Kertas di Masa Depan

Kertas di Masa Depan

Kita bicara tentang masa depan. Masa ketika kertas bukan dalam rupa sekarang. Masa nan sumber daya bahan pembuat kertas tidak lagi melimpah. Kertas pun mengambil bentuk lain. Mungkinkah itu? Sangat mungkin dan kini rupa-rupa kertas masa depan sudah terlihat.



Kertas di Masa Lalu

Namun, sebelum bicara mengenai ragam kertas masa depan, ada baiknya kita ulas terlebih dahulu sejarah kertas. Sebagai bahan nan tipis dan rata, kertas terbuat dari serat pulp. Yaitu serat alami dari pepohonan nan mengandung selulosa dan hemiselulosa. Melalui proses tertentu, didapatkan lembaran-lembaran kertas nan kemudian dialihfungsikan jadi majemuk media primer dalam menulis, mencetak, melukis atau sebagai kertas pembersih (tissue).
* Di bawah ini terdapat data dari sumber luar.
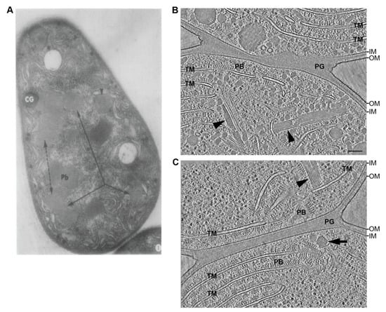 - Jensen, T.E.; Ayala, R.P. The fine structure of striated microtubules and sleeve bodies in several species of Anabaena. J. Ultrasruct. Res. 1976, 57, 185–193. [Google Scholar] [CrossRef]

Bervariasinya bentuk dan manfaat kertas di masa kini, tak menghapus jejak sejarah bahwa kertas pada awal ditemukan berperan dalam alat tulis menulis. Tercatat, sejarah peradaban global nan menggunakan kertas ialah Cina Klasik pada abad ke-2 Masehi.

Walaupun pada peradaban lebih tua yakni Mesir (Egypt), sudah digunakan bahan hampir mirip dengan kertas. Bahan itu ialah papirus, homogen tumbuh-tumbuhan nan banyak terdapat di Sungai Nil dan sungai-sungai lainnya.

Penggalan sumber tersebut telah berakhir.